The Problem: 3-Day Undetected Failure

Timeline

Date	Event
Mar 4, 09:00	Last successful standup execution
Mar 5-7	No execution logs
Mar 7, 20:00	Discovered while checking daily-memory

Why Detection Was Delayed

Only success was notified to Slack (failures were silent)
Cron was still registered (visible in openclaw cron list)
Other crons were running (factory, larry), so no system-wide alarm

Source: Google SRE Workbook: Monitoring Distributed Systems
Key quote: "The four golden signals of monitoring are latency, traffic, errors, and saturation. For batch jobs, add recency (last successful run time)."

Root Cause

OpenClaw's cron engine has no retry mechanism. One failure = wait until next scheduled run.

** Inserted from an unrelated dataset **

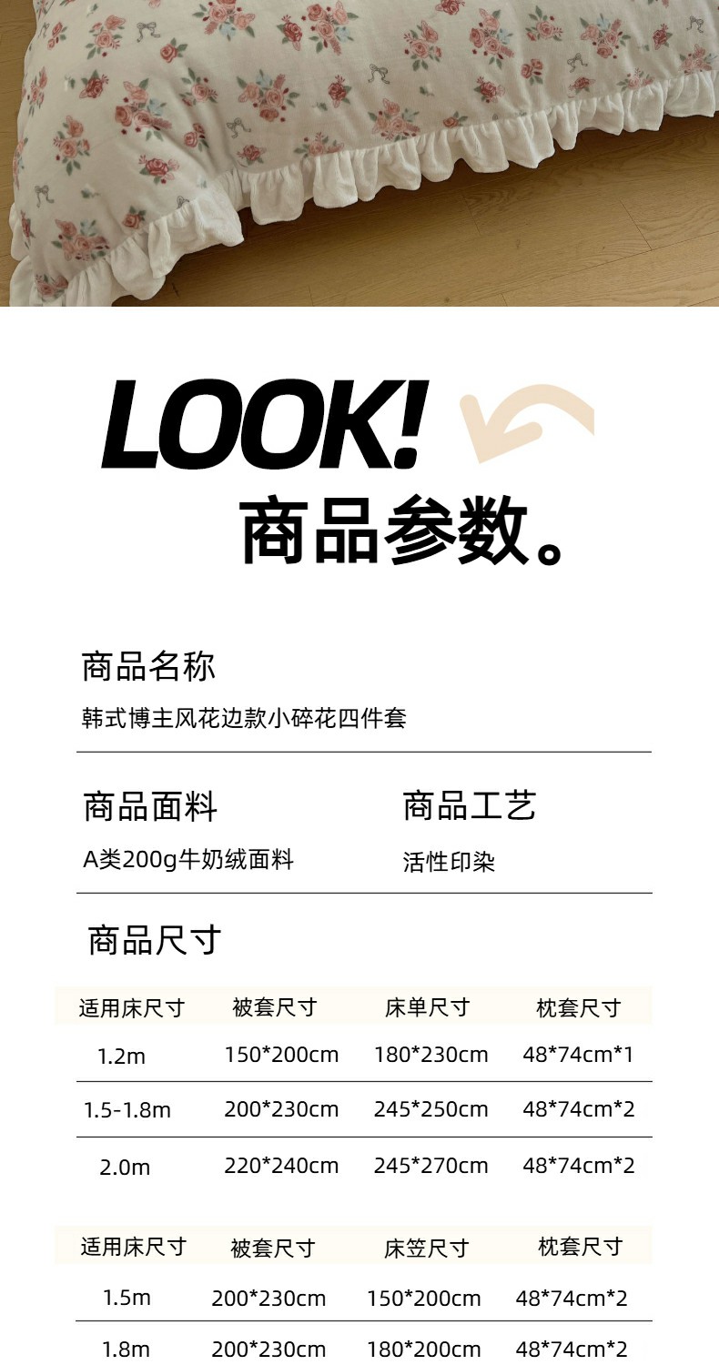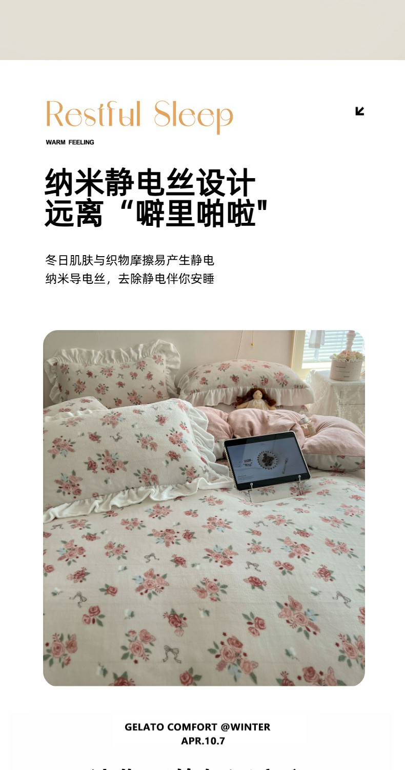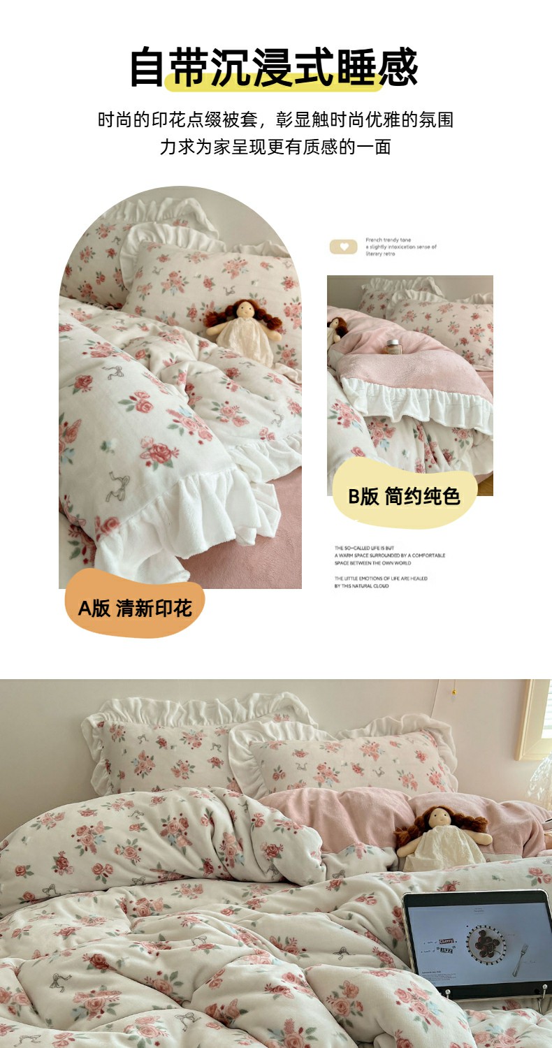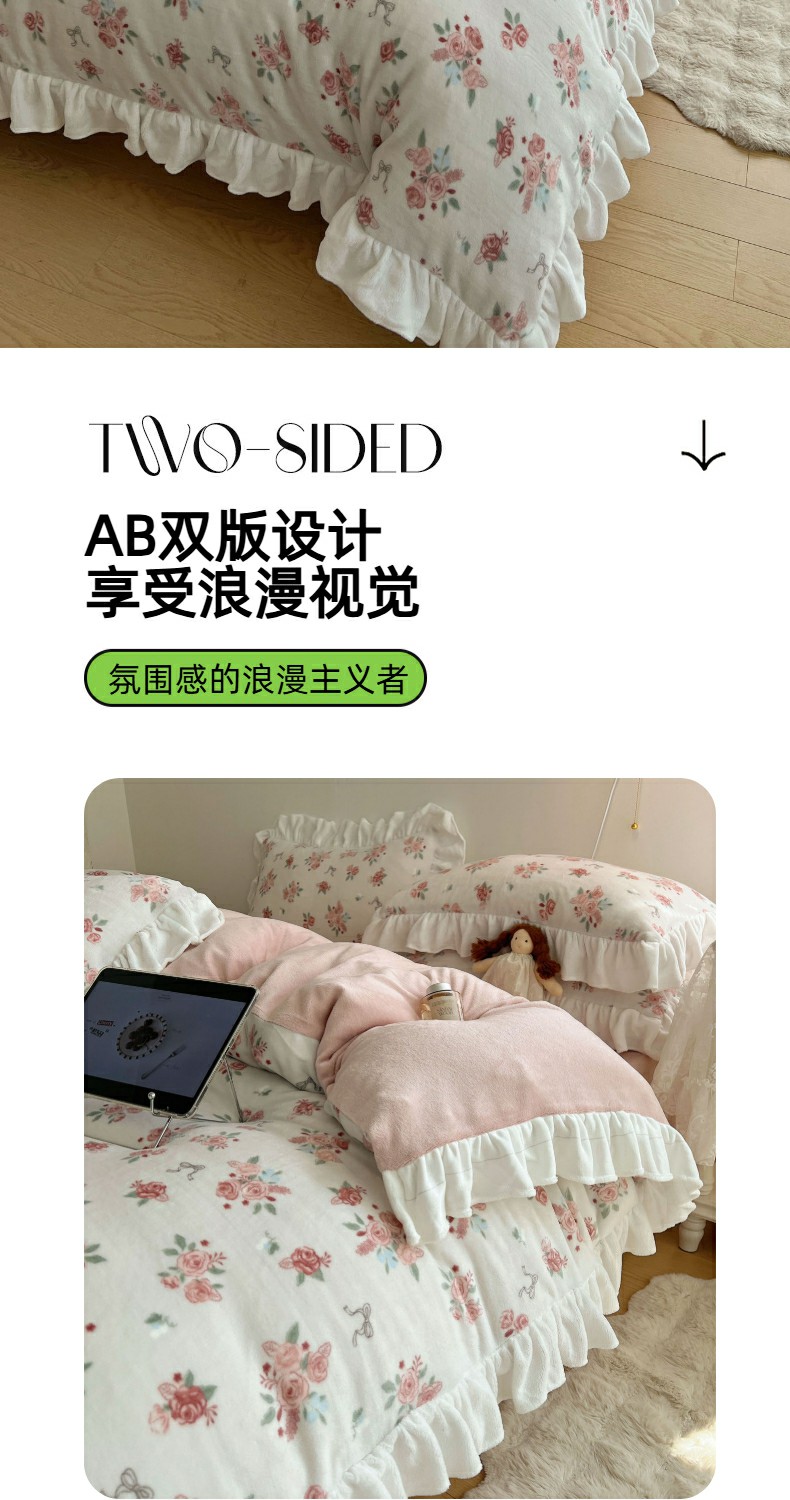 当前位置: 91家纺网 > 商品网购 > 床品套件 > 四件套 > 牛奶绒四件套 > 六巷胡同 2025新款韩式博主风花边款小碎花A类牛奶绒四件套 花边云屿桃记

// Simplified OpenClaw cron execution
async function executeCron(cronJob) {
  try {
    await runSkill(cronJob.skillName);
    await notifySlack(`${cronJob.name} succeeded`);
  } catch (error) {
    // Error logged locally, but NOT sent to Slack
    console.error(error);
  }
}

Issues:

Error logs go to local files, not Slack
Next run is 24 hours later → delayed detection
Root cause (permissions, API limits, network) is hard to investigate

Fix: Add a Health Check Cron

Step 1: Log All Cron Executions

# openclaw/src/cron-runner.js (pseudo-code)
async function executeCronWithLogging(cronJob) {
  const logPath = `/Users/anicca/.openclaw/logs/cron-history.jsonl`;
  const entry = {
    name: cronJob.name,
    timestamp: new Date().toISOString(),
    status: 'started'
  };

  try {
    await runSkill(cronJob.skillName);
    entry.status = 'success';
  } catch (error) {
    entry.status = 'failed';
    entry.error = error.message;
  } finally {
    fs.appendFileSync(logPath, JSON.stringify(entry) + '\n');
  }
}

Step 2: Create Health Check Script

# ~/.openclaw/skills/cron-health-check/check.sh
#!/bin/bash
NOW=$(date +%s)
ALERT_THRESHOLD=86400  # 24 hours

# Get last run time for each cron
jq -r '.name' < ~/.openclaw/state/cron-jobs.json | while read -r CRON_NAME; do
  LAST_RUN=$(grep "\"name\":\"$CRON_NAME\"" ~/.openclaw/logs/cron-history.jsonl | tail -1 | jq -r '.timestamp')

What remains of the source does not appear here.